• **Input for this task**
__________________________________________________
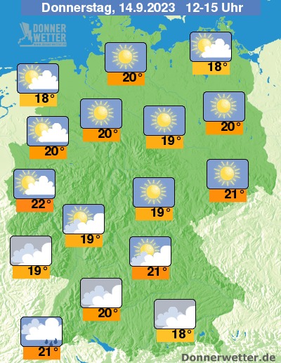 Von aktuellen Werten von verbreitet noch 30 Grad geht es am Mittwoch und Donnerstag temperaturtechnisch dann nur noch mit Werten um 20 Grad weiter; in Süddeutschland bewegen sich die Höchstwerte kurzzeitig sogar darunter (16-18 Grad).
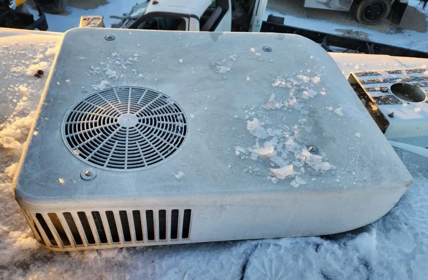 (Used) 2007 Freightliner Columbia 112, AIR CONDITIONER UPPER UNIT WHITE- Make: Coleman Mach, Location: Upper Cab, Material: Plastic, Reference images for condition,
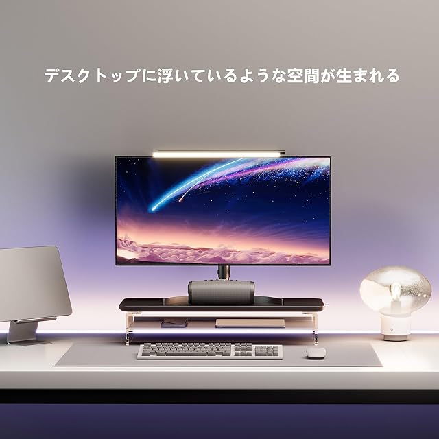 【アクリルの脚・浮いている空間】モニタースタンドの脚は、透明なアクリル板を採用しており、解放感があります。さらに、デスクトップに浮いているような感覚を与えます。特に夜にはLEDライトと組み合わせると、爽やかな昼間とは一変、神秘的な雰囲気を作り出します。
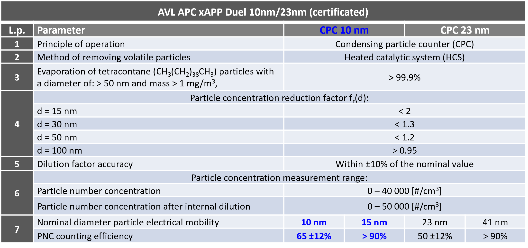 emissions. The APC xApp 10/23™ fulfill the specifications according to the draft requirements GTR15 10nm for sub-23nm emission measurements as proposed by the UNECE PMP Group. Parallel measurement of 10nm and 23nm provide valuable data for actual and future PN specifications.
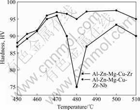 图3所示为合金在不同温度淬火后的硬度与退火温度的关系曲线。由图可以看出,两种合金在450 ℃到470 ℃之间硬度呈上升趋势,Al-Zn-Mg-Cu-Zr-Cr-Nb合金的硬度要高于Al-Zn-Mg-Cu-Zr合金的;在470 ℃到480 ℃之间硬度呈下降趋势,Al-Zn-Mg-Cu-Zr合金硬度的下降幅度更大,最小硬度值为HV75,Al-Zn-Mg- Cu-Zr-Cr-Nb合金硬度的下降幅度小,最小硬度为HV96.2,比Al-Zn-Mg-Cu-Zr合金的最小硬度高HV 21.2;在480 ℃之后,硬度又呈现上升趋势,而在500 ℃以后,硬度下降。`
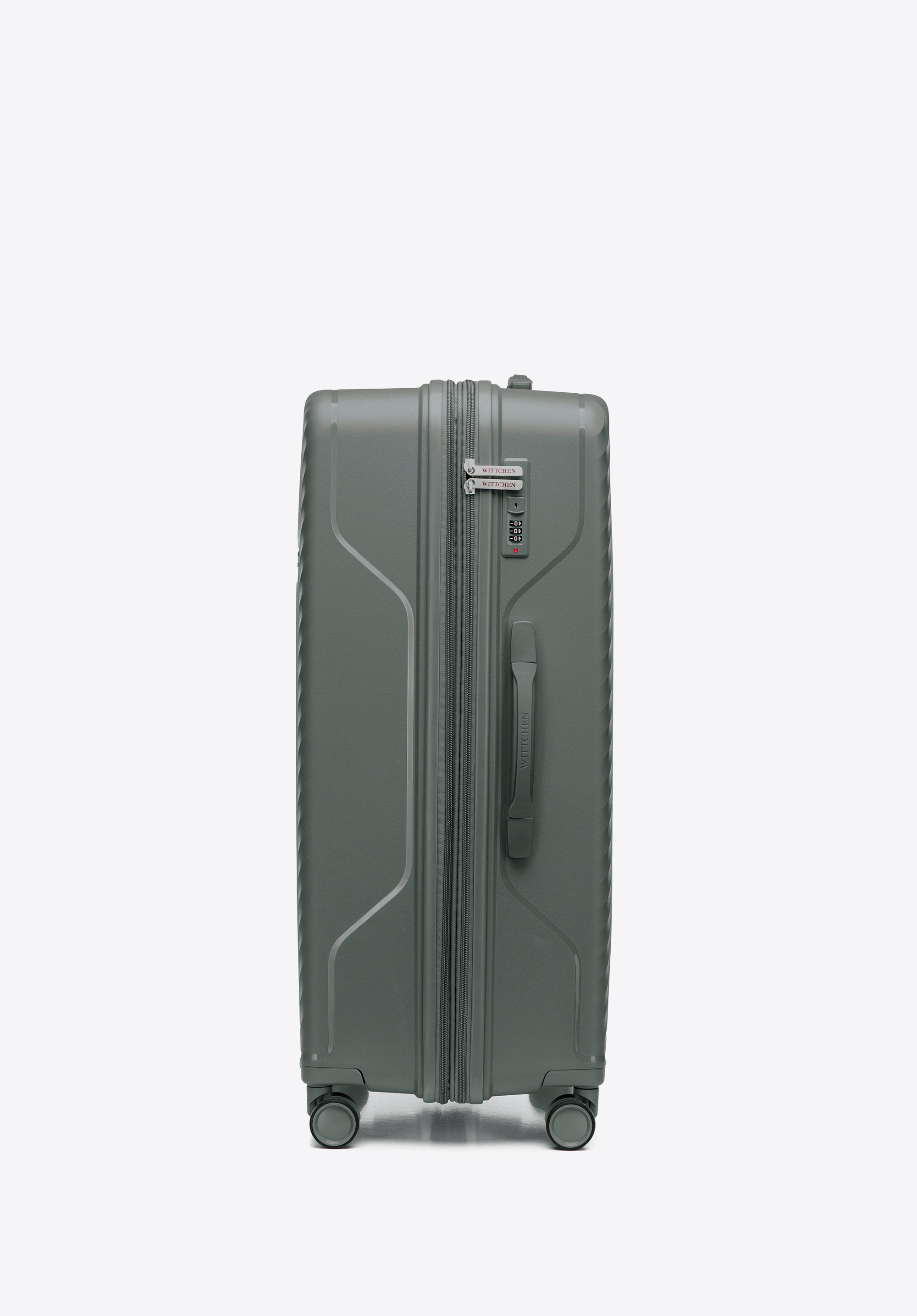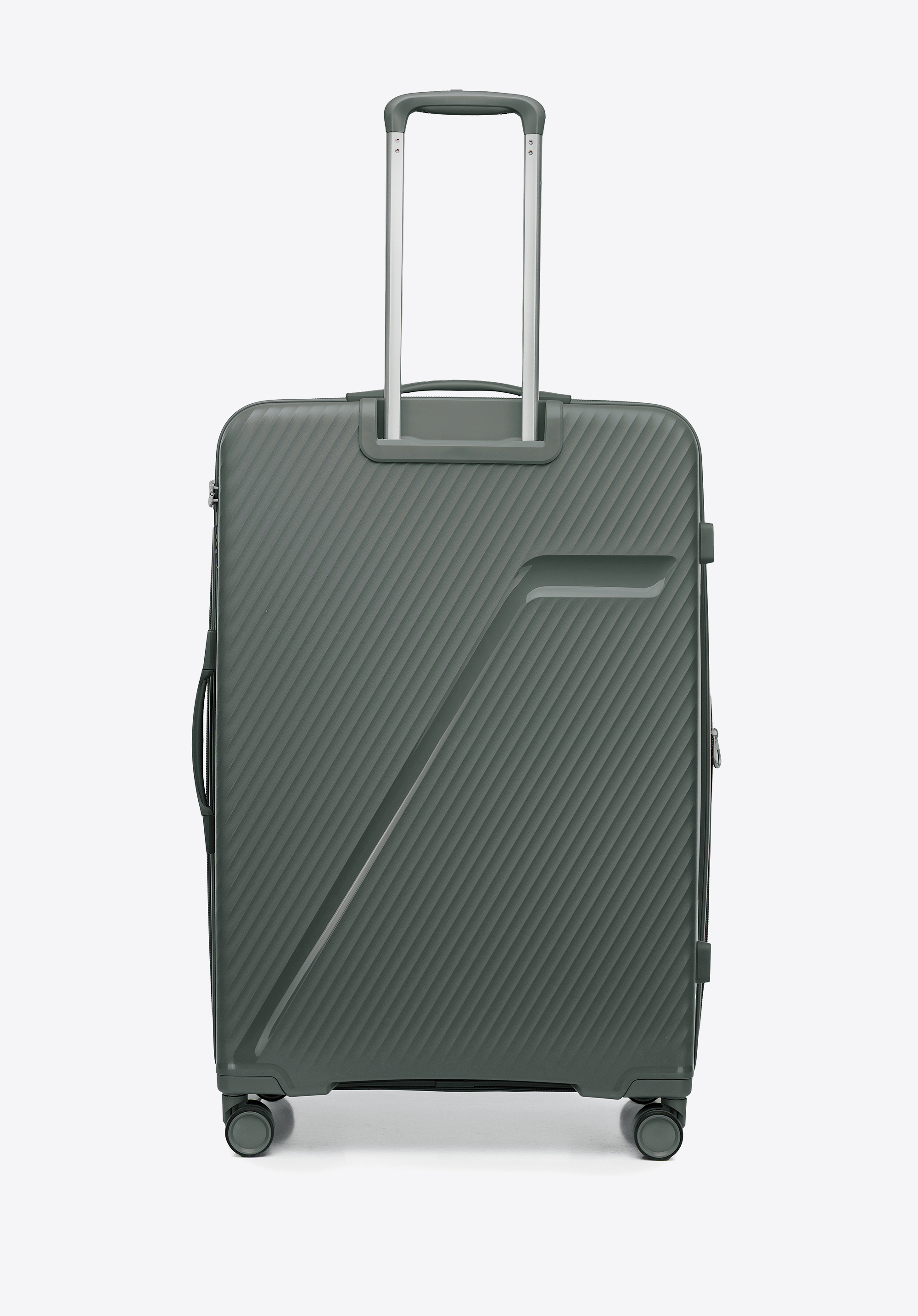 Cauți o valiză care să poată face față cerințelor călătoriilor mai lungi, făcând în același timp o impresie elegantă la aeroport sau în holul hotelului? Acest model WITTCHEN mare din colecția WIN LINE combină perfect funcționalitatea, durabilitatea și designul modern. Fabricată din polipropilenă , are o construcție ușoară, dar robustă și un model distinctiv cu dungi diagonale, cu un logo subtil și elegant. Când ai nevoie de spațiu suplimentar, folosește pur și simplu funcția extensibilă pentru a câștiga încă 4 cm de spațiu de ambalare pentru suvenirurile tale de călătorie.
__________________________________________________
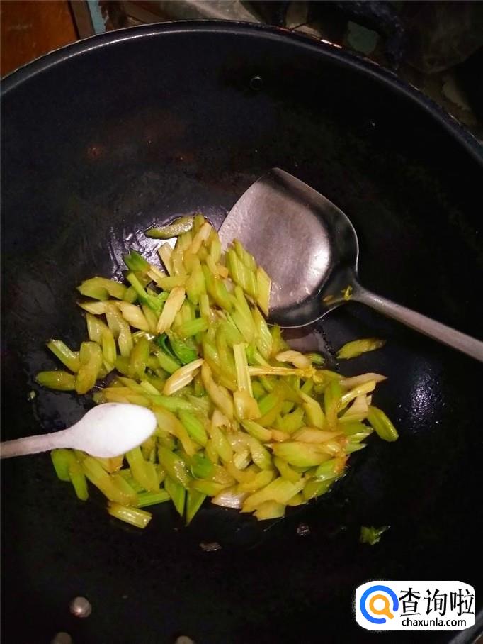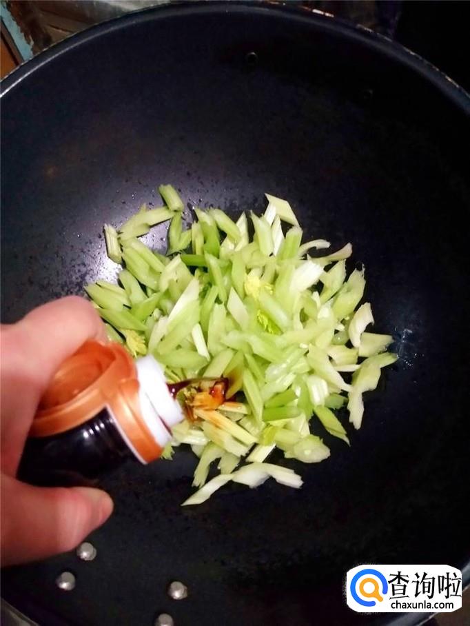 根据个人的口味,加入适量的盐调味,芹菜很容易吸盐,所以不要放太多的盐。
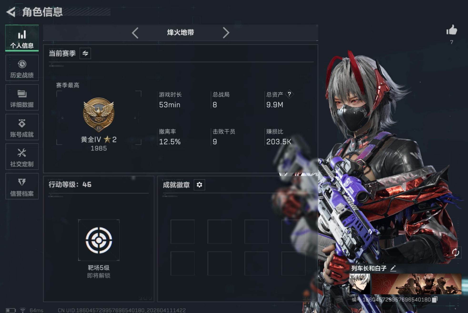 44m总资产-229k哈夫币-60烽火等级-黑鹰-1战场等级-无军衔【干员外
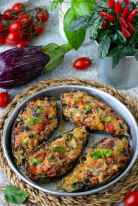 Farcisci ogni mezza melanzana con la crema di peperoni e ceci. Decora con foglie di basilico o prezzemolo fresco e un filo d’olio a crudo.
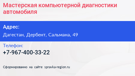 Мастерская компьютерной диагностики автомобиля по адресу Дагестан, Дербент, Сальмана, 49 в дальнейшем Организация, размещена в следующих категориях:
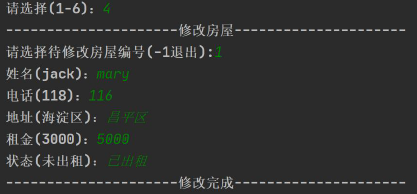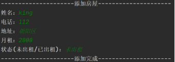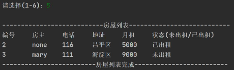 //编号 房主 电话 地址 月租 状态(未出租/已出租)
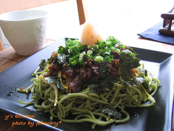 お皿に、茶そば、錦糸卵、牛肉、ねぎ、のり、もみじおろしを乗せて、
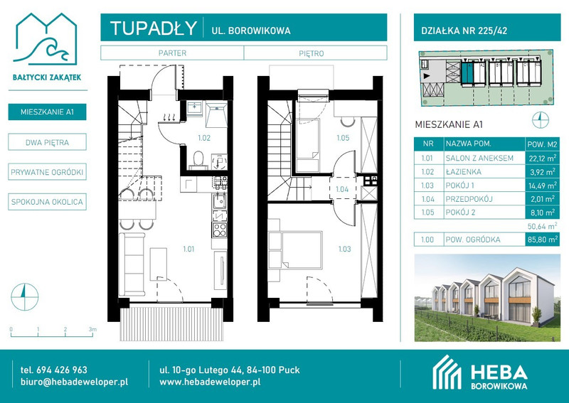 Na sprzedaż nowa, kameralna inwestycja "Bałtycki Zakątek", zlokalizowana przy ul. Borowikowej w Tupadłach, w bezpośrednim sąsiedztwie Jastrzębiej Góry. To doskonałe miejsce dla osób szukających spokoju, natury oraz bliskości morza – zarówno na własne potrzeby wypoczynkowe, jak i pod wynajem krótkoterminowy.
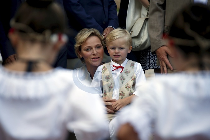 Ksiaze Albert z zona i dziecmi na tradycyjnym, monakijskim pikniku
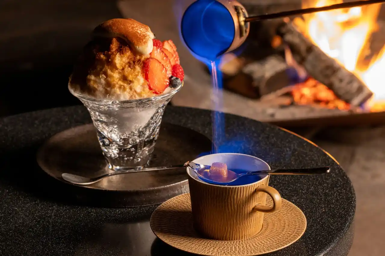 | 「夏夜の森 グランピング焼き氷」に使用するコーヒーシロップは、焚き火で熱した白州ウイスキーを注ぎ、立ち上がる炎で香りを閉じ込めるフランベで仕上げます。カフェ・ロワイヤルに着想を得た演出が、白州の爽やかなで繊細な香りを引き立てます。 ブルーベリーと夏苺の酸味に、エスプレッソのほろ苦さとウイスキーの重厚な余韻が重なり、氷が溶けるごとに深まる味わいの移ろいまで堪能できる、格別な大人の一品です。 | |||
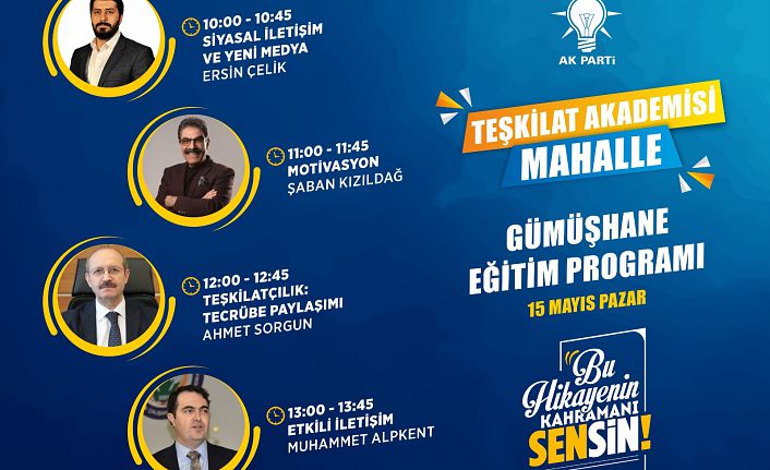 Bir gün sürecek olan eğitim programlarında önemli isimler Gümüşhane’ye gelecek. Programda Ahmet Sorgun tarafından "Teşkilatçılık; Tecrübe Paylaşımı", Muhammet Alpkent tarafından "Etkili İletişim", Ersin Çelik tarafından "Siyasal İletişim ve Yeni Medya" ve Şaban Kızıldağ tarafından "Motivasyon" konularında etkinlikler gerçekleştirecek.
__________________________________________________
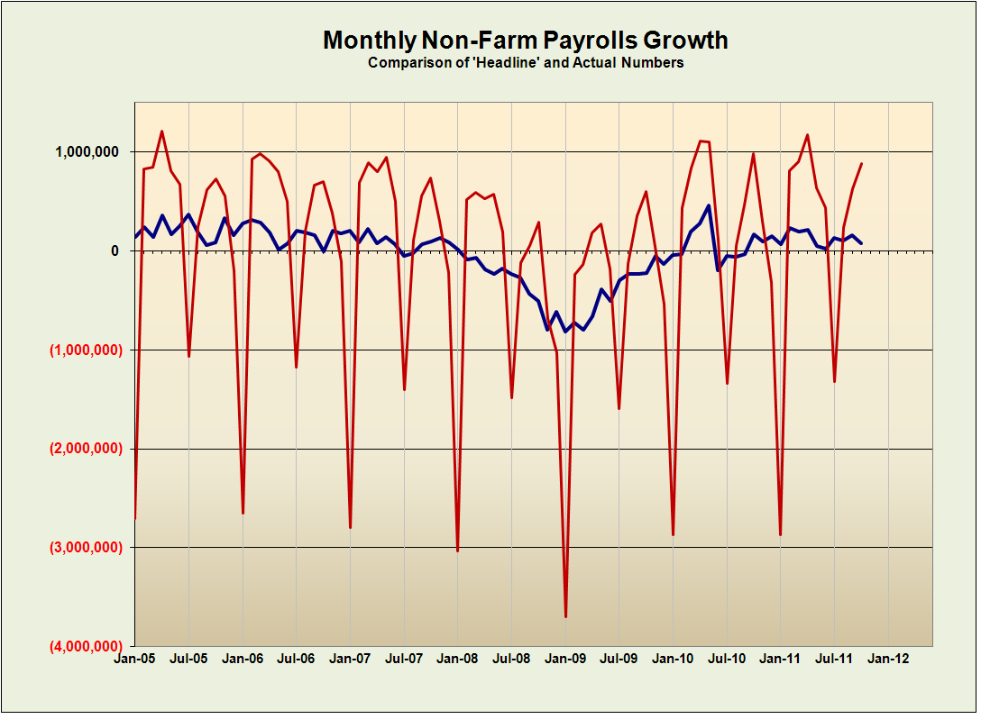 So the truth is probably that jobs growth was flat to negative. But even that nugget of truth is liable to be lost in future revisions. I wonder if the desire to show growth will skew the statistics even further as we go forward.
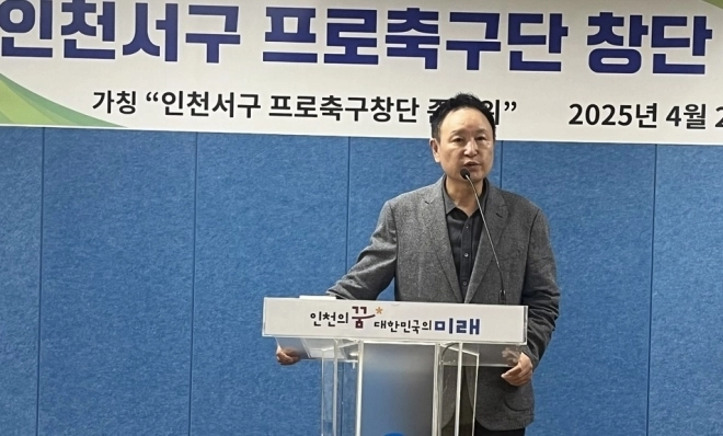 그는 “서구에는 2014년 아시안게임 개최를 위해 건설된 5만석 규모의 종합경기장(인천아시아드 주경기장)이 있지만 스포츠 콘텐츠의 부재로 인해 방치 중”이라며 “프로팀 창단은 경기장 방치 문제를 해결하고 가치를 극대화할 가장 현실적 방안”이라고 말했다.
__________________________________________________
• **Task instructions**
Copy the lines above between the one holding "44m总资产-229k哈夫币-60烽火等级-黑鹰-1战场等级-无军衔【干员外" and the one holding "お皿に、茶そば、錦糸卵、牛肉、ねぎ、のり、もみじおろしを乗せて、", inclusive. Drop the pictures.

• **Finished task**
 44m总资产-229k哈夫币-60烽火等级-黑鹰-1战场等级-无军衔【干员外
 Farcisci ogni mezza melanzana con la crema di peperoni e ceci. Decora con foglie di basilico o prezzemolo fresco e un filo d’olio a crudo.
 Мастерская компьютерной диагностики автомобиля по адресу Дагестан, Дербент, Сальмана, 49 в дальнейшем Организация, размещена в следующих категориях:
 //编号 房主 电话 地址 月租 状态(未出租/已出租)
 お皿に、茶そば、錦糸卵、牛肉、ねぎ、のり、もみじおろしを乗せて、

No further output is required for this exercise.